### [Data supplied]
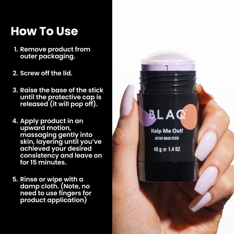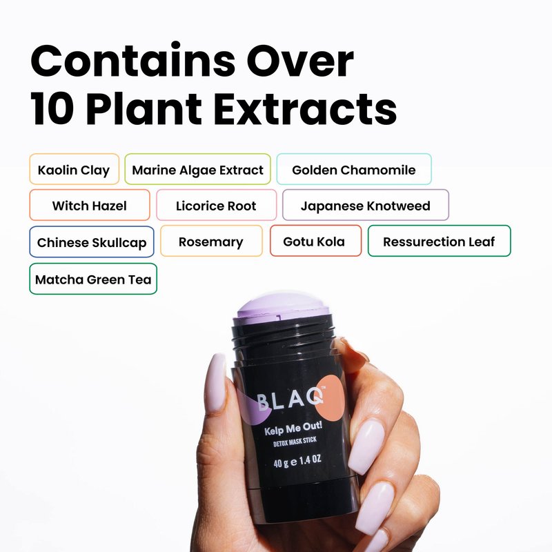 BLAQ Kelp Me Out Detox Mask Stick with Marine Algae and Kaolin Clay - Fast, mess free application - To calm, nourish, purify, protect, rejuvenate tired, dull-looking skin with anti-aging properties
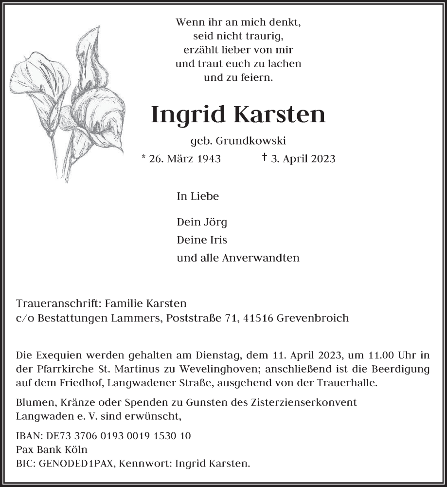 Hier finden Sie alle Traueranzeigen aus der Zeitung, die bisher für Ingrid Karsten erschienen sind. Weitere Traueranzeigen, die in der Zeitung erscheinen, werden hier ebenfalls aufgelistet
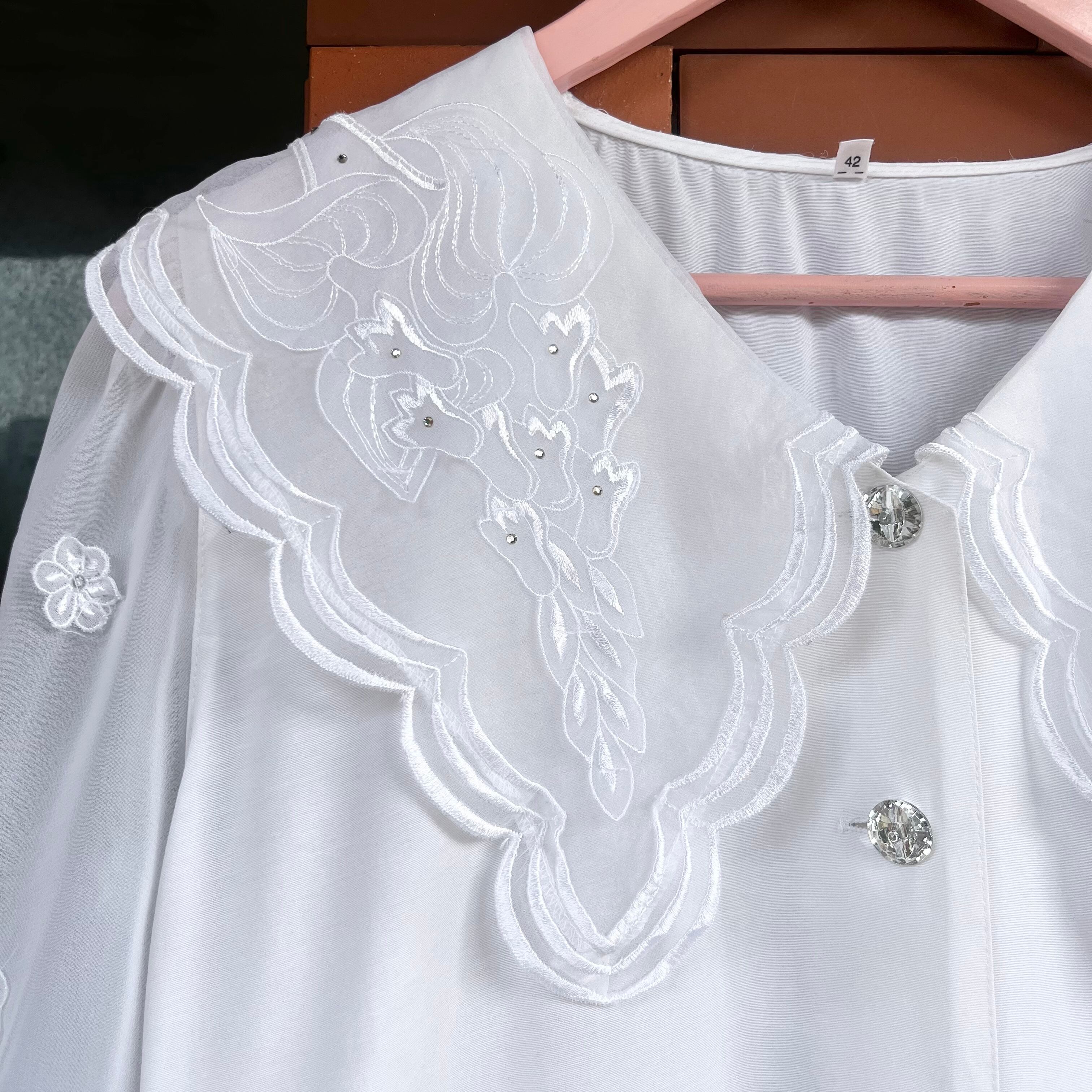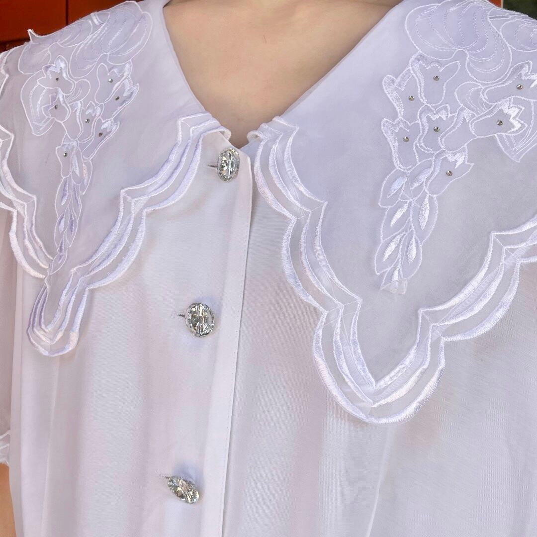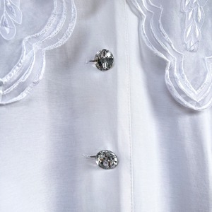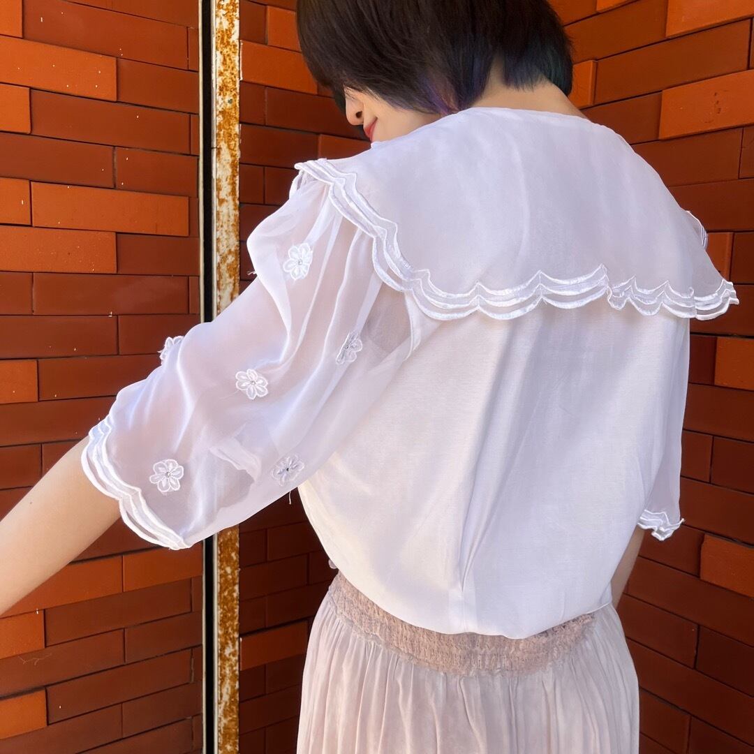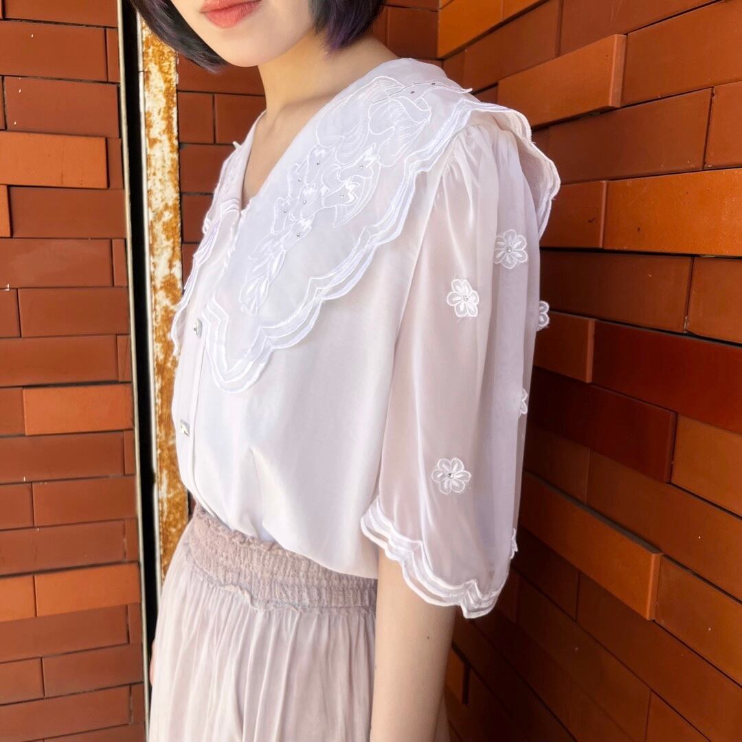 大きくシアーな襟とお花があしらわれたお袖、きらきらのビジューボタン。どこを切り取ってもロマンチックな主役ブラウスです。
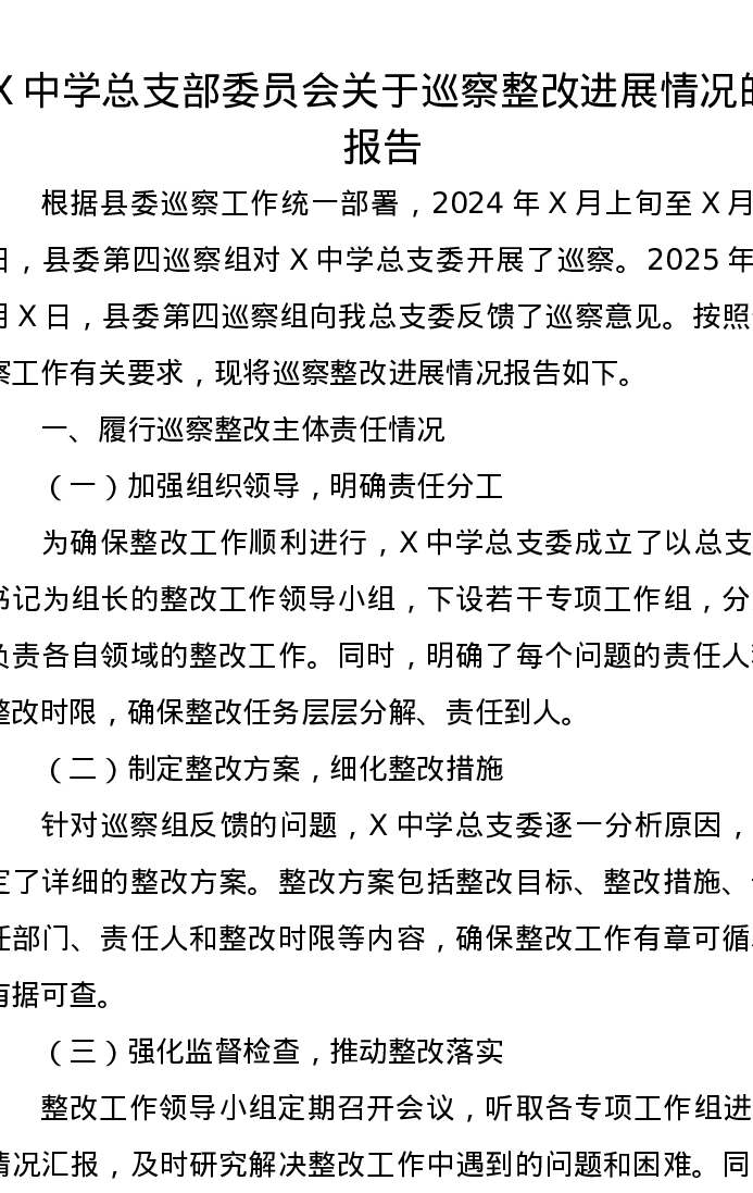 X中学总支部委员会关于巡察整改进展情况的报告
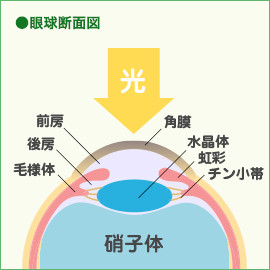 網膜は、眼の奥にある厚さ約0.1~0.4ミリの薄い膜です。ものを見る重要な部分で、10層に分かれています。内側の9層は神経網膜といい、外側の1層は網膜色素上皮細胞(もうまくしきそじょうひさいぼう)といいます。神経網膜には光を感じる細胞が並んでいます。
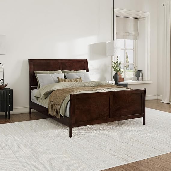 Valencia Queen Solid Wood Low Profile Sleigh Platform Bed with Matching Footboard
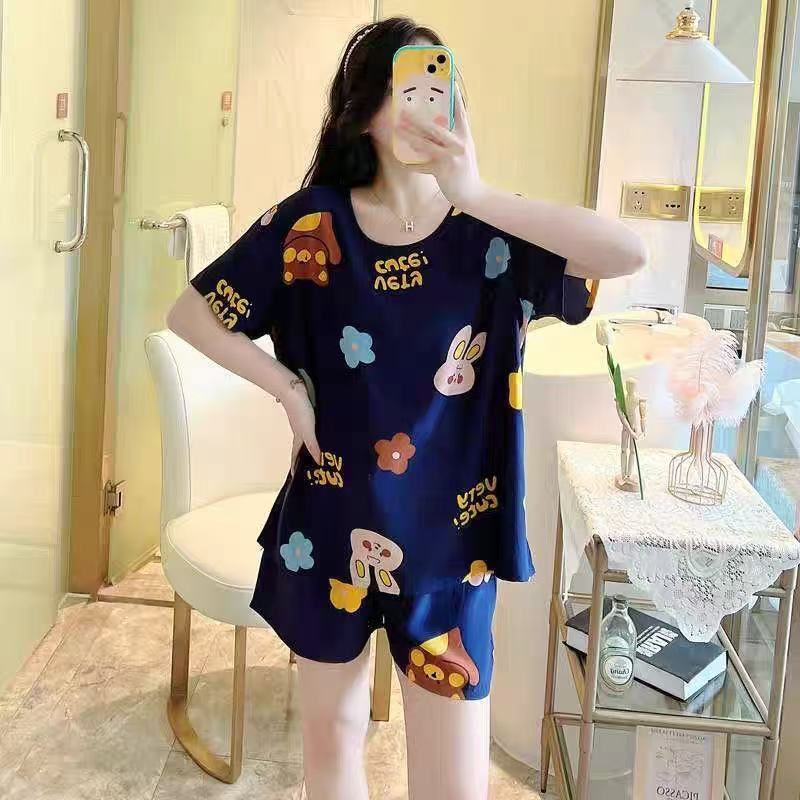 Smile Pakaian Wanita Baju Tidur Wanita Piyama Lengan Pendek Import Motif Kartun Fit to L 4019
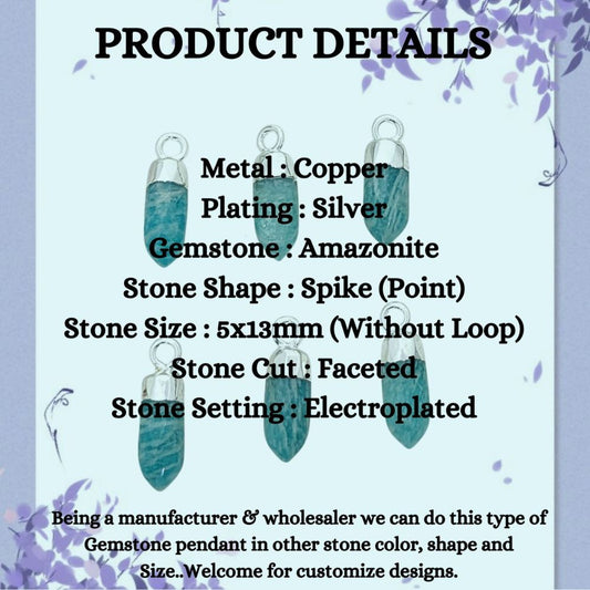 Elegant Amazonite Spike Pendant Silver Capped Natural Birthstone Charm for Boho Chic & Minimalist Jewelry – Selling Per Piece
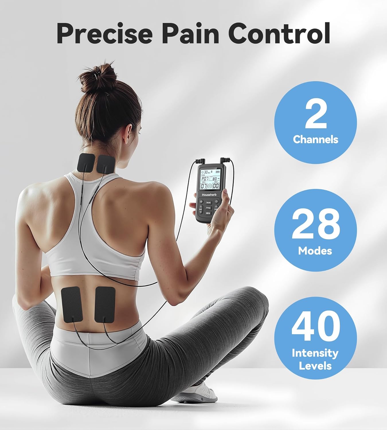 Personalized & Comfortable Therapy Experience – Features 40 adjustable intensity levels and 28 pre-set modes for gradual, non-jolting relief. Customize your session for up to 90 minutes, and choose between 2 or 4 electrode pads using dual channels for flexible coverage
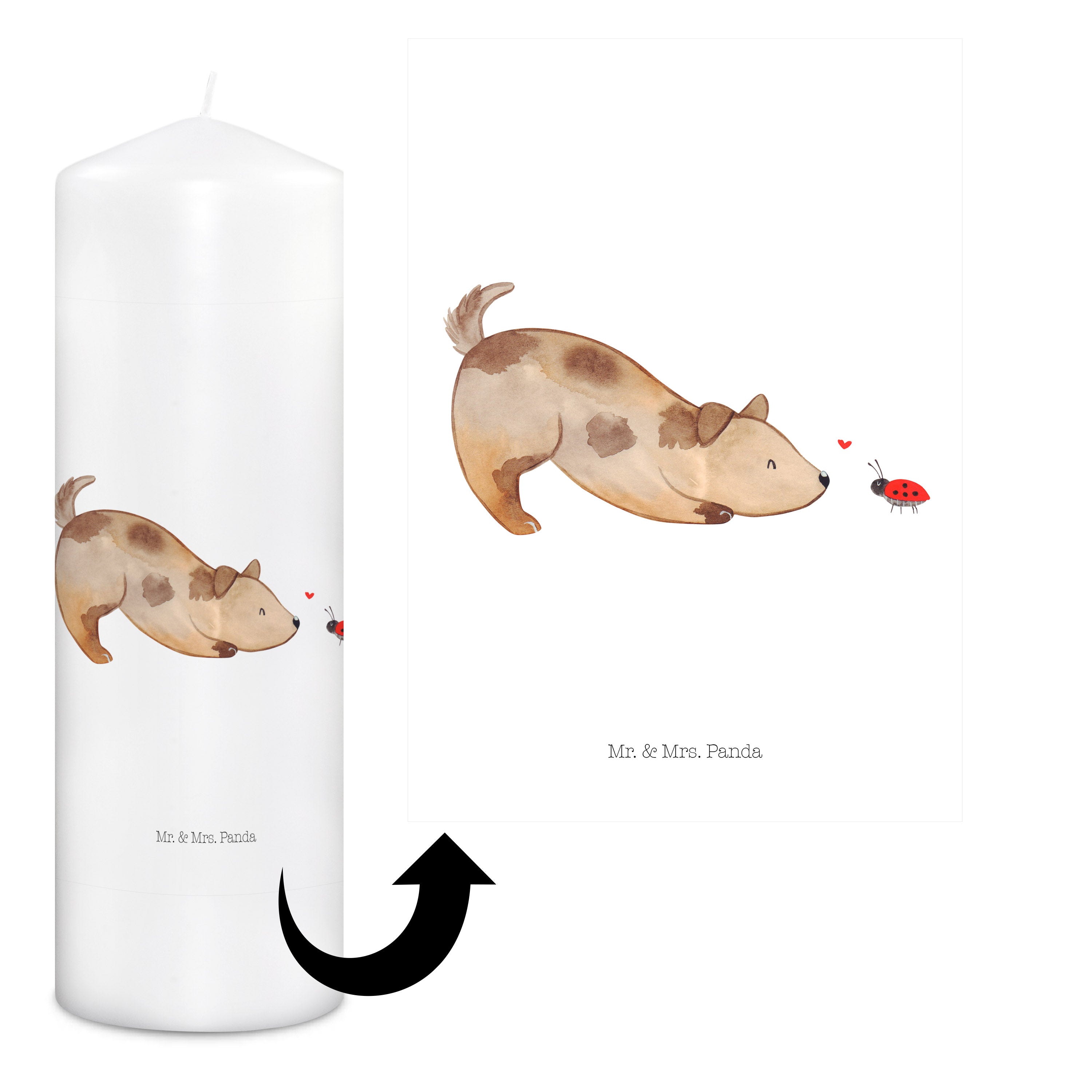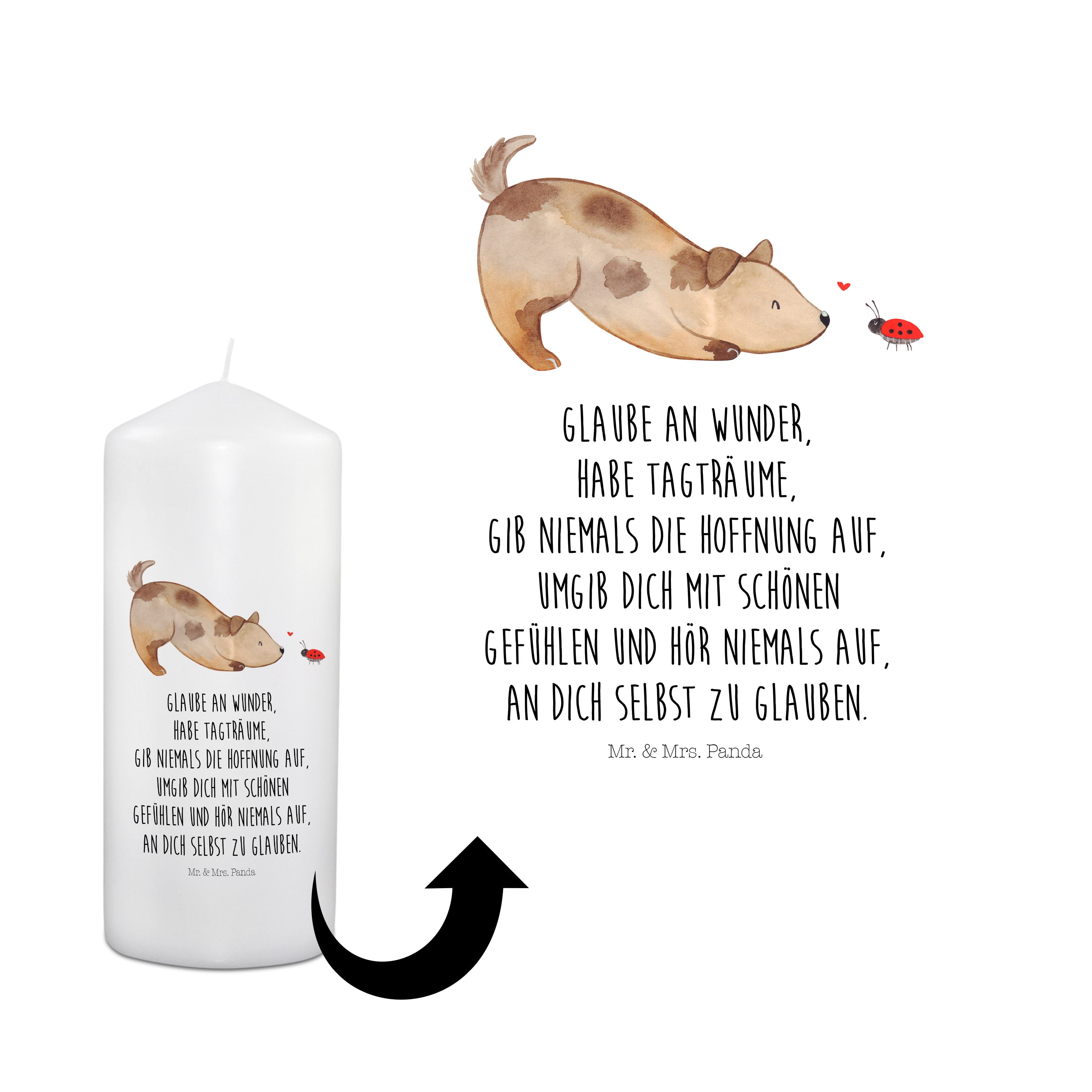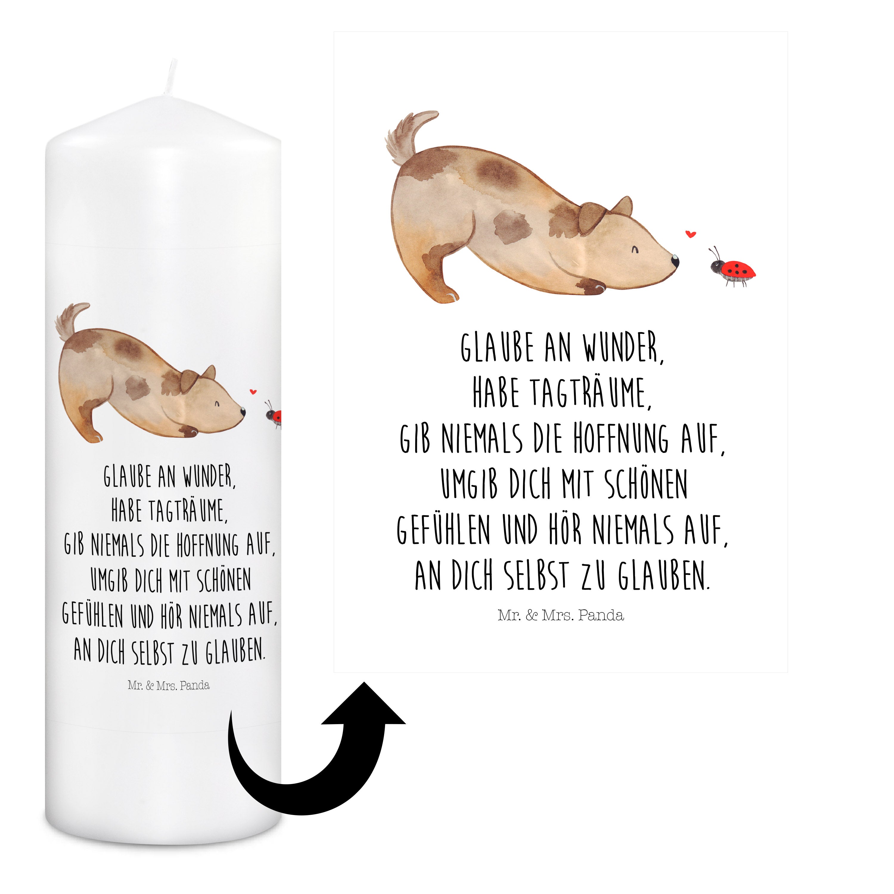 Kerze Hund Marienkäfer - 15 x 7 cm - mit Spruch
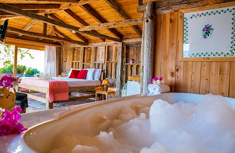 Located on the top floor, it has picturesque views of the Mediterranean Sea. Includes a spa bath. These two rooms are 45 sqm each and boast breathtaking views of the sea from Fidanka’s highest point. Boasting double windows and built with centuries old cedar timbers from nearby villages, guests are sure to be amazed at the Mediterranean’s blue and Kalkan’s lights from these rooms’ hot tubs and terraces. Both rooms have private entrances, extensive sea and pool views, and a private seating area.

### [Assignment]
Set down again, exactly, every line above from the one with "Valencia Queen Solid" down to the one with "Elegant Amazonite Spike", both ends included. No pictures, and nothing else.

### [Solved exercise]
 Valencia Queen Solid Wood Low Profile Sleigh Platform Bed with Matching Footboard
 Smile Pakaian Wanita Baju Tidur Wanita Piyama Lengan Pendek Import Motif Kartun Fit to L 4019
 Elegant Amazonite Spike Pendant Silver Capped Natural Birthstone Charm for Boho Chic & Minimalist Jewelry – Selling Per Piece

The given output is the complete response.